» **Work instructions**
Line by line, return the listing exactly, without any of the images.

» **Data for analysis**
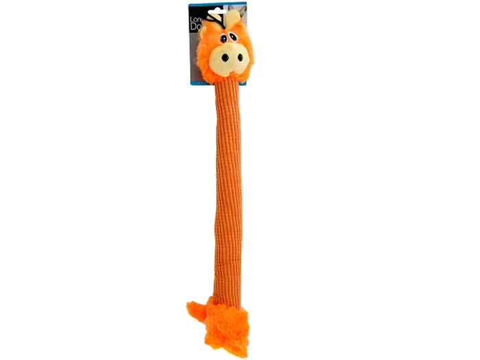 Dogs will love this unique Long Body Giraffe Plush Dog Toy featuring a friendly giraffe with an extra long corduroy body and a plush head, feet and tail. Great for tossing and fetching. Measures approximately 25.5" long. Includes a nylon hook at the top. Comes packaged on a hanging panel.
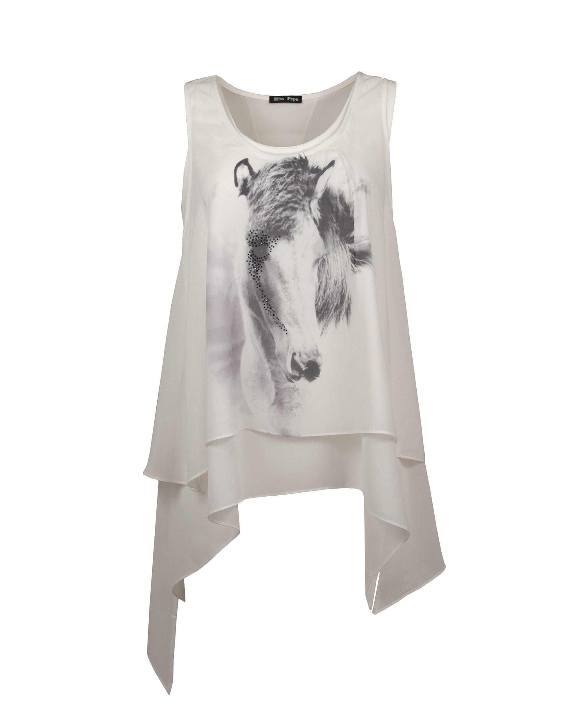 Blusa de tirantes estampada y asimétrica, ideal para playa, montaña, o un ambiente urbano... Es un modelo de Miss Pepa.
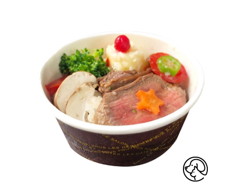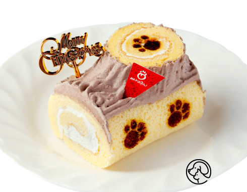 かわいらしいミニサイズのブッシュドノエルです。北海道産米粉を使用した、ふわふわスポンジ生地で豆乳クリームを巻き込み、キャロブクリームで木の枝のように仕上げました。切り株側面にワンちゃんの足あと付き!
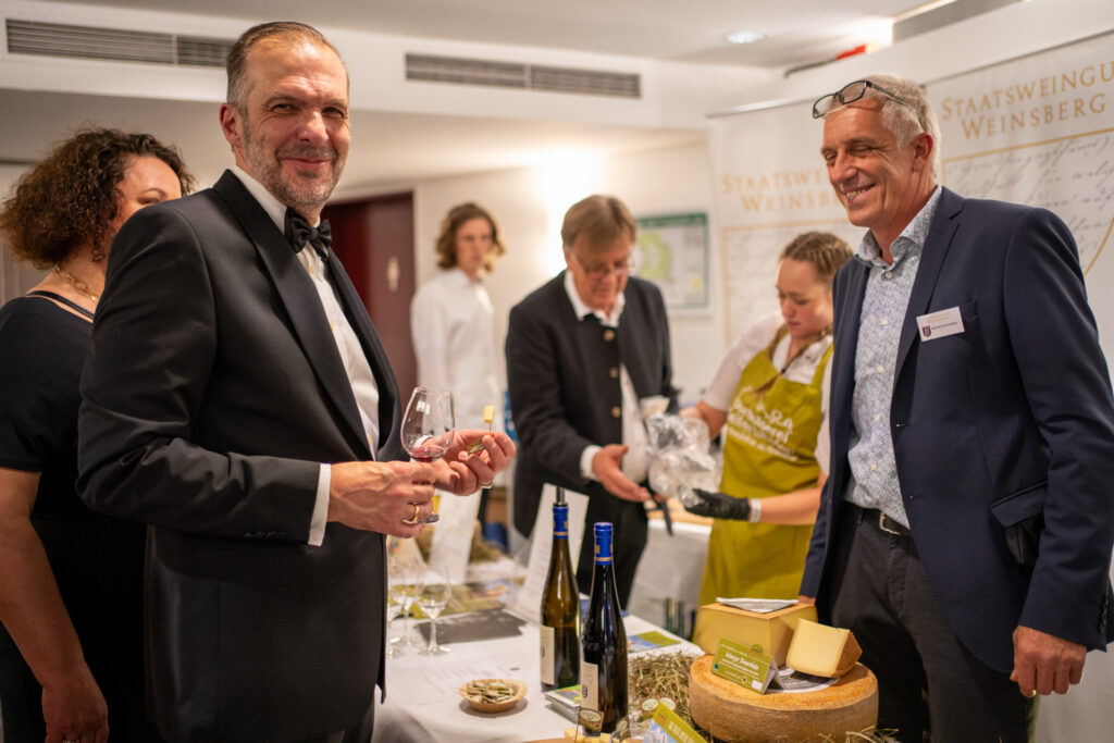 Kulinarisch bot der Landespresseball ebenso viel zu entdecken. In mehreren Foyers verwandelten sich die Räume in Genussinseln: Im Beethoven-Foyer präsentierten LEICA, Elia Homes Immobilien und St. Kilian Distillers ihre Angebote, während im Silcher-Foyer unter anderem die Baden-Württemberg Stiftung, The Feed, LfK, der SWR und das Staatsweingut Weinsberg vertreten waren. Ergänzt wurde das Programm durch die Dorfkäserei Geifertshofen, die Bio-Käse aus Heumilch zum Probieren anbot. Das Maritim Hotel Stuttgart sorgte an verschiedenen Ständen für Live-Cooking, Snacks und Drinks, darunter die Rothaus-Bar sowie die Champagner-Bar der Equipe Bar, und rundete so das kulinarische Angebot des Abends ab.
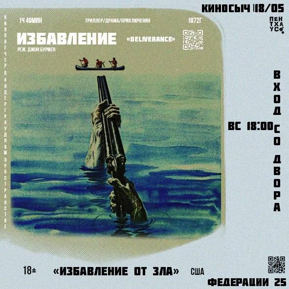 «Deliverance» | «Избавление» | 1972г Режиссёр: Джон Бурман Страна: США Жанр: триллер\приключения Продолжительность: 1 ч 49 м 🗓️ 18 мая 18:00 📍Федерации 25, вход через двор в ПЕНТХАУС Описание: Долина реки Кахулавасси — одно из последних нетронутых человеком природных мест, который вскоре изменится из-за строительства плотины на реке, что, в свою очередь, приведёт к затоплению большей части окрестностей. Четверо друзей, представителей среднего класса, решают отправиться в многодневное путешествие на каноэ по реке чтобы успеть прикоснуться к уничтожаемой дикой природе. Только у двоих есть опыт жизни на природе. Они знают, что местность изолирована. Их относительно спокойное путешествие на полпути превращается в кошмар из-за речных порогов и недоброжелательности местных реднеков. 🏷️ вход свободный #18мая25
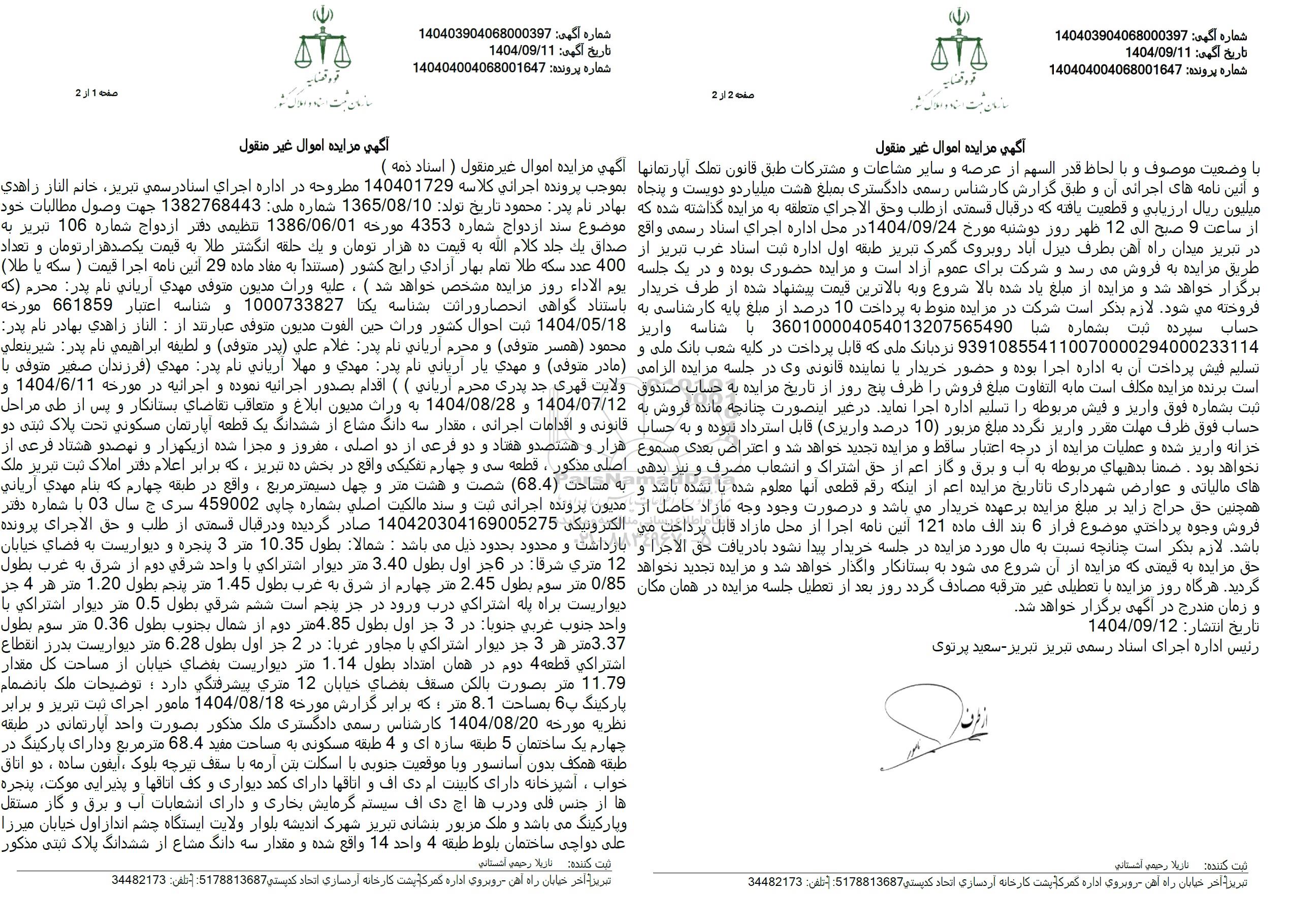 بموجب پرونده اجرائی کلاسه 140401729 مطروحه در اداره اجرای اسناد رسمی تبریز، خانم الناز زاهدی بهادر نام پدر محمود تاریخ تولد 1365.08.10 شماره ملی 1382768443 جهت وصول مطالبات خود موضوع سند ازدواج شماره 4353 مورخه 1386.06.01 تنظیمی دفتر ازدواج شماره 106 تبریز به صداق یک جلد کلام الله به قیمت ده هزار تومان و یک حلقه انگشتر طلا به قیمت یکصد هزار تومان و تعداد 400 عدد سکه طلا تمام بهار آزادی رایج کشور مستندا به مفاد ماده 29 آئین نامه اجرا قیمت (سکه یا طلا) یوم الاداء روز مزایده مشخص خواهد شد . علیه وراث مدیون متوفى مهدی اربانی نام پدر: محرم که باستناد گواهی انحصار وراثت بشناسه یکتا 1000733827 و شناسه اعتبار 661859 مورخه 1404.05.18 ثبت احوال کشور ورات حین الفوت مدیون متوفى عبارتند از : الناز زاهدی بهادر نام پدر محمود همسر متوفی و محرم اربانی نام پدر غلام علی پدر متوفی و لطیفه ابراهیمی نام پدر شیرینعلی مادر متوفی و مهدی بار آریانی نام پدر مهدی و مهلا اربانی نام پدر مهدی فرزندان صغیر متوفی با ولایت قهری جد پدری محرم اریانی اقدام بصدور اجرائیه نموده و اجرائیه در مورخه 1404.6.11 و 1404.07.12 و 1404.08.28 به وراث مدیون ابلاغ و متعاقب تقاضای بستانکار و پس از طی مراحل قانونی و اقدامات اجرانی، مقدار سه دانگ مشاع از ششدانگ یک قطعه آپارتمان مسکونی تحت پلاک ثبتی دو هزار و هشتصد و هفتاد و دو فرعی از دو اصلی، مفروز و مجزا شده از یکهزار و نهصد و هشتاد فرعی از اصلی مذکور، قطعه سی و چهارم تفکیکی واقع در بخش ده تبریز که برابر اعلام دفتر املاک ثبت تبریز ملک به مساحت (68.4) شصت و هشت متر و چهل دسیمتر مربع ، واقع در طبقه چهارم که بنام مهدی اریانی مدیون پرونده اجرانی ثبت و سند مالکیت اصلی بشماره چاپی 459002 سری ج سال 03 با شماره دفتر الکترونیکی 140420304169005275 صادر گردیده و در قبال قسمتی از طلب و حق الاجرای پرونده بازداشت و محدود بحدود ذیل میباشد: شمالا بطول 10.35 متر 3 پنجره و دیواریست به فضای خیابان 12 متری شرقا در 6 جر اول بطول 3.40 متر دیوار اشتراکی با واحد شرقی دوم از شرق به غرب بطول 0.85 متر سوم بطول 2.45 متر چهارم از شرق به غرب بطول 1.45 متر پنجم بطول 1.20 متر هر 4 جر دیواریست براه پله اشتراکی درب ورود در جز پنجم است ششم شرقی بطول 0.5 متر دیوار اشتراکی با واحد جنوب غربی جنوبا در 3 جر اول بطول 4.85 متر دوم از شمال بجنوب بطول 0.36 متر سوم بطول 3.37 متر هر 3 جز دیوار اشتراکی با مجاور غربا در 2 جر اول بطول 6.28 متر دیواریست بدرز انقطاع اشتراکی قطعه 4 دوم در همان امتداد بطول 1.14 متر دیواریست بفضای خیابان از مساحت کل مقدار 11.79 متر بصورت بالکن مسقف بقضای خیابان 12 متری پیشرفتگی دارد توضیحات ملک بانضمام پارکینگ ب 6 بمساحت 8.1 متر : که برابر گزارش مورخه 1404.08.18 مامور اجرای ثبت تبریز و برابر نظریه مورخه 1404.08.20 کارشناس رسمی دادگستری ملک مذکور بصورت واحد آپارتمانی در طبقه چهارم یک ساختمان 5 طبقه سازه ای و 4 طبقه مسکونی به مساحت مفید 68.4 متر مربع و دارای پارکینگ در طبقه همکف بدون اسانسور و با موقعیت جنوبی با اسکلت بتن آرمه با سقف تیرچه بلوک ، ایفون ساده، دو اتاق خواب، آشپرخانه دارای کابینت ام دی اف و اتاقها دارای کمد دیواری و کف اتاقها و پذیرایی موکت پنجره ها از جنس فلی و دربها اچ دی اف سیستم گرمایش بخاری و دارای انشعابات آب و برق و گار مستقل و پارکینگ می باشد و ملک مزبور بنشانی تبریز شهرک اندیشه بلوار ولایت ایستگاه چشم انداز اول خیابان میرزا علی دواجی ساختمان بلوط طبقه 4 واحد 14 واقع شده و مقدار سه دانگ مشاع از ششدانگ پلاک ثبتی مذکور با وضعیت موصوف و با لحاظ قدر السهم از عرصه و سایر مشاعات و مشترکات طبق قانون تملک آپارتمانها و آئین نامه های اجرائی آن و طبق گزارش کارشناس رسمی دادگستری بمبلغ هشت میلیاردو دویست و پنجاه میلیون ریال ارزیابی و قطعیت یافته که در قبال قسمتی از طلب وحق الاجرای متعلقه به مزایده گذاشته شده که از ساعت 9 صبح الی 12 ظهر روز دوشنبه مورخ 1404.09.24 در محل اداره اجرای اسناد رسمی واقع در تبریز میدان راه آهن بطرف دی

» **Completed exercise**
 Dogs will love this unique Long Body Giraffe Plush Dog Toy featuring a friendly giraffe with an extra long corduroy body and a plush head, feet and tail. Great for tossing and fetching. Measures approximately 25.5" long. Includes a nylon hook at the top. Comes packaged on a hanging panel.
 Blusa de tirantes estampada y asimétrica, ideal para playa, montaña, o un ambiente urbano... Es un modelo de Miss Pepa.
 かわいらしいミニサイズのブッシュドノエルです。北海道産米粉を使用した、ふわふわスポンジ生地で豆乳クリームを巻き込み、キャロブクリームで木の枝のように仕上げました。切り株側面にワンちゃんの足あと付き!
 Kulinarisch bot der Landespresseball ebenso viel zu entdecken. In mehreren Foyers verwandelten sich die Räume in Genussinseln: Im Beethoven-Foyer präsentierten LEICA, Elia Homes Immobilien und St. Kilian Distillers ihre Angebote, während im Silcher-Foyer unter anderem die Baden-Württemberg Stiftung, The Feed, LfK, der SWR und das Staatsweingut Weinsberg vertreten waren. Ergänzt wurde das Programm durch die Dorfkäserei Geifertshofen, die Bio-Käse aus Heumilch zum Probieren anbot. Das Maritim Hotel Stuttgart sorgte an verschiedenen Ständen für Live-Cooking, Snacks und Drinks, darunter die Rothaus-Bar sowie die Champagner-Bar der Equipe Bar, und rundete so das kulinarische Angebot des Abends ab.
 «Deliverance» | «Избавление» | 1972г Режиссёр: Джон Бурман Страна: США Жанр: триллер\приключения Продолжительность: 1 ч 49 м 🗓️ 18 мая 18:00 📍Федерации 25, вход через двор в ПЕНТХАУС Описание: Долина реки Кахулавасси — одно из последних нетронутых человеком природных мест, который вскоре изменится из-за строительства плотины на реке, что, в свою очередь, приведёт к затоплению большей части окрестностей. Четверо друзей, представителей среднего класса, решают отправиться в многодневное путешествие на каноэ по реке чтобы успеть прикоснуться к уничтожаемой дикой природе. Только у двоих есть опыт жизни на природе. Они знают, что местность изолирована. Их относительно спокойное путешествие на полпути превращается в кошмар из-за речных порогов и недоброжелательности местных реднеков. 🏷️ вход свободный #18мая25
 بموجب پرونده اجرائی کلاسه 140401729 مطروحه در اداره اجرای اسناد رسمی تبریز، خانم الناز زاهدی بهادر نام پدر محمود تاریخ تولد 1365.08.10 شماره ملی 1382768443 جهت وصول مطالبات خود موضوع سند ازدواج شماره 4353 مورخه 1386.06.01 تنظیمی دفتر ازدواج شماره 106 تبریز به صداق یک جلد کلام الله به قیمت ده هزار تومان و یک حلقه انگشتر طلا به قیمت یکصد هزار تومان و تعداد 400 عدد سکه طلا تمام بهار آزادی رایج کشور مستندا به مفاد ماده 29 آئین نامه اجرا قیمت (سکه یا طلا) یوم الاداء روز مزایده مشخص خواهد شد . علیه وراث مدیون متوفى مهدی اربانی نام پدر: محرم که باستناد گواهی انحصار وراثت بشناسه یکتا 1000733827 و شناسه اعتبار 661859 مورخه 1404.05.18 ثبت احوال کشور ورات حین الفوت مدیون متوفى عبارتند از : الناز زاهدی بهادر نام پدر محمود همسر متوفی و محرم اربانی نام پدر غلام علی پدر متوفی و لطیفه ابراهیمی نام پدر شیرینعلی مادر متوفی و مهدی بار آریانی نام پدر مهدی و مهلا اربانی نام پدر مهدی فرزندان صغیر متوفی با ولایت قهری جد پدری محرم اریانی اقدام بصدور اجرائیه نموده و اجرائیه در مورخه 1404.6.11 و 1404.07.12 و 1404.08.28 به وراث مدیون ابلاغ و متعاقب تقاضای بستانکار و پس از طی مراحل قانونی و اقدامات اجرانی، مقدار سه دانگ مشاع از ششدانگ یک قطعه آپارتمان مسکونی تحت پلاک ثبتی دو هزار و هشتصد و هفتاد و دو فرعی از دو اصلی، مفروز و مجزا شده از یکهزار و نهصد و هشتاد فرعی از اصلی مذکور، قطعه سی و چهارم تفکیکی واقع در بخش ده تبریز که برابر اعلام دفتر املاک ثبت تبریز ملک به مساحت (68.4) شصت و هشت متر و چهل دسیمتر مربع ، واقع در طبقه چهارم که بنام مهدی اریانی مدیون پرونده اجرانی ثبت و سند مالکیت اصلی بشماره چاپی 459002 سری ج سال 03 با شماره دفتر الکترونیکی 140420304169005275 صادر گردیده و در قبال قسمتی از طلب و حق الاجرای پرونده بازداشت و محدود بحدود ذیل میباشد: شمالا بطول 10.35 متر 3 پنجره و دیواریست به فضای خیابان 12 متری شرقا در 6 جر اول بطول 3.40 متر دیوار اشتراکی با واحد شرقی دوم از شرق به غرب بطول 0.85 متر سوم بطول 2.45 متر چهارم از شرق به غرب بطول 1.45 متر پنجم بطول 1.20 متر هر 4 جر دیواریست براه پله اشتراکی درب ورود در جز پنجم است ششم شرقی بطول 0.5 متر دیوار اشتراکی با واحد جنوب غربی جنوبا در 3 جر اول بطول 4.85 متر دوم از شمال بجنوب بطول 0.36 متر سوم بطول 3.37 متر هر 3 جز دیوار اشتراکی با مجاور غربا در 2 جر اول بطول 6.28 متر دیواریست بدرز انقطاع اشتراکی قطعه 4 دوم در همان امتداد بطول 1.14 متر دیواریست بفضای خیابان از مساحت کل مقدار 11.79 متر بصورت بالکن مسقف بقضای خیابان 12 متری پیشرفتگی دارد توضیحات ملک بانضمام پارکینگ ب 6 بمساحت 8.1 متر : که برابر گزارش مورخه 1404.08.18 مامور اجرای ثبت تبریز و برابر نظریه مورخه 1404.08.20 کارشناس رسمی دادگستری ملک مذکور بصورت واحد آپارتمانی در طبقه چهارم یک ساختمان 5 طبقه سازه ای و 4 طبقه مسکونی به مساحت مفید 68.4 متر مربع و دارای پارکینگ در طبقه همکف بدون اسانسور و با موقعیت جنوبی با اسکلت بتن آرمه با سقف تیرچه بلوک ، ایفون ساده، دو اتاق خواب، آشپرخانه دارای کابینت ام دی اف و اتاقها دارای کمد دیواری و کف اتاقها و پذیرایی موکت پنجره ها از جنس فلی و دربها اچ دی اف سیستم گرمایش بخاری و دارای انشعابات آب و برق و گار مستقل و پارکینگ می باشد و ملک مزبور بنشانی تبریز شهرک اندیشه بلوار ولایت ایستگاه چشم انداز اول خیابان میرزا علی دواجی ساختمان بلوط طبقه 4 واحد 14 واقع شده و مقدار سه دانگ مشاع از ششدانگ پلاک ثبتی مذکور با وضعیت موصوف و با لحاظ قدر السهم از عرصه و سایر مشاعات و مشترکات طبق قانون تملک آپارتمانها و آئین نامه های اجرائی آن و طبق گزارش کارشناس رسمی دادگستری بمبلغ هشت میلیاردو دویست و پنجاه میلیون ریال ارزیابی و قطعیت یافته که در قبال قسمتی از طلب وحق الاجرای متعلقه به مزایده گذاشته شده که از ساعت 9 صبح الی 12 ظهر روز دوشنبه مورخ 1404.09.24 در محل اداره اجرای اسناد رسمی واقع در تبریز میدان راه آهن بطرف دی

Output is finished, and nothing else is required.